___ Data excerpt

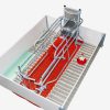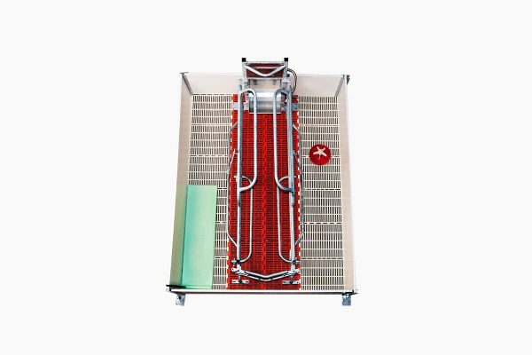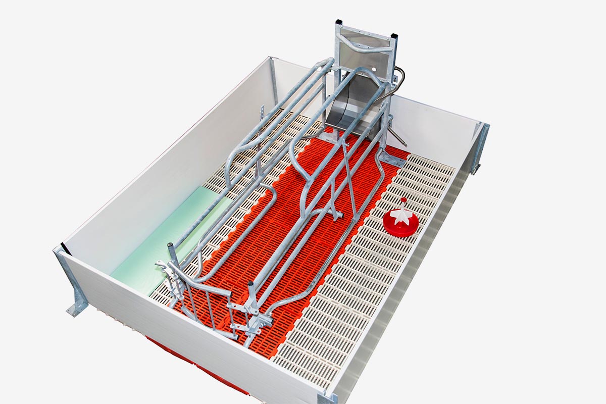 – Jaula de fabricación propia, construida de acero con tratamiento de galvanizado por inmersión en caliente, otorgándole durabilidad y resistencia a la estructura. Su diseño funcional permite regular el ancho de la jaula para adaptarse a la fisionomía de la cerda durante los períodos de parto y amamantamiento. Además posee un par de barras anti aplaste que evitan que la cerda aplaste a los lechones y barras reguladoras de altura para separar las líneas mamarias de la madre y de esta manera, impedir que los lechones se aplasten entre ellos.
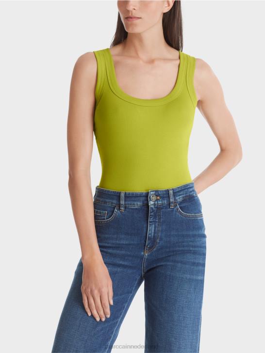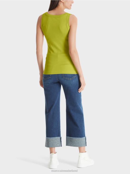 strakke tanktop van katoen met een comfortabel extra spandex-element en een ronde hals uitsnede door Marc Cain. het aansluitende silhouet combineert in dit easy-going basic item met een uiterst fijn geribd dessin. een relaxed must-have item, dat een vleugje nonchalance aan elke garderobe toevoegt.
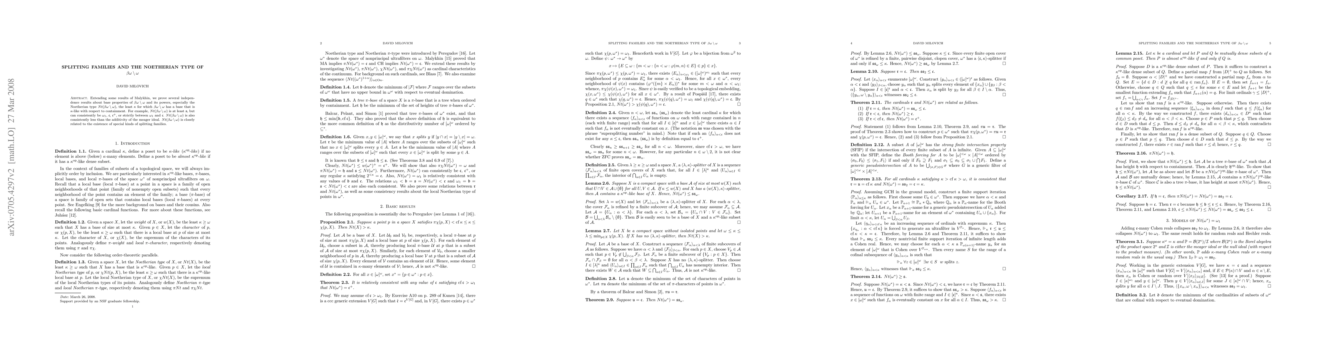 Extending some results of Malykhin, we prove several independence results about base properties of $\beta\omega-\omega$ and its powers, especially the Noetherian type $Nt(\beta\omega-\omega)$, the least $\kappa$ for which $\beta\omega-\omega$ has a base that is $\kappa$-like with respect to containment. For example, $Nt(\beta\omega-\omega)$ is never less than the splitting number, but can consistently be that $\omega_1$, $2^\omega$, $(2^\omega)^+$, or strictly between $\omega_1$ and $2^\omega$. $Nt(\beta\omega-\omega)$ is also consistently less than the additivity of the meager ideal. $Nt(\beta\omega-\omega)$ is closely related to the existence of special kinds of splitting families.

______

Exactly as written, copy out the listing, but without any pictures.

 – Jaula de fabricación propia, construida de acero con tratamiento de galvanizado por inmersión en caliente, otorgándole durabilidad y resistencia a la estructura. Su diseño funcional permite regular el ancho de la jaula para adaptarse a la fisionomía de la cerda durante los períodos de parto y amamantamiento. Además posee un par de barras anti aplaste que evitan que la cerda aplaste a los lechones y barras reguladoras de altura para separar las líneas mamarias de la madre y de esta manera, impedir que los lechones se aplasten entre ellos.
 strakke tanktop van katoen met een comfortabel extra spandex-element en een ronde hals uitsnede door Marc Cain. het aansluitende silhouet combineert in dit easy-going basic item met een uiterst fijn geribd dessin. een relaxed must-have item, dat een vleugje nonchalance aan elke garderobe toevoegt.
 Extending some results of Malykhin, we prove several independence results about base properties of $\beta\omega-\omega$ and its powers, especially the Noetherian type $Nt(\beta\omega-\omega)$, the least $\kappa$ for which $\beta\omega-\omega$ has a base that is $\kappa$-like with respect to containment. For example, $Nt(\beta\omega-\omega)$ is never less than the splitting number, but can consistently be that $\omega_1$, $2^\omega$, $(2^\omega)^+$, or strictly between $\omega_1$ and $2^\omega$. $Nt(\beta\omega-\omega)$ is also consistently less than the additivity of the meager ideal. $Nt(\beta\omega-\omega)$ is closely related to the existence of special kinds of splitting families.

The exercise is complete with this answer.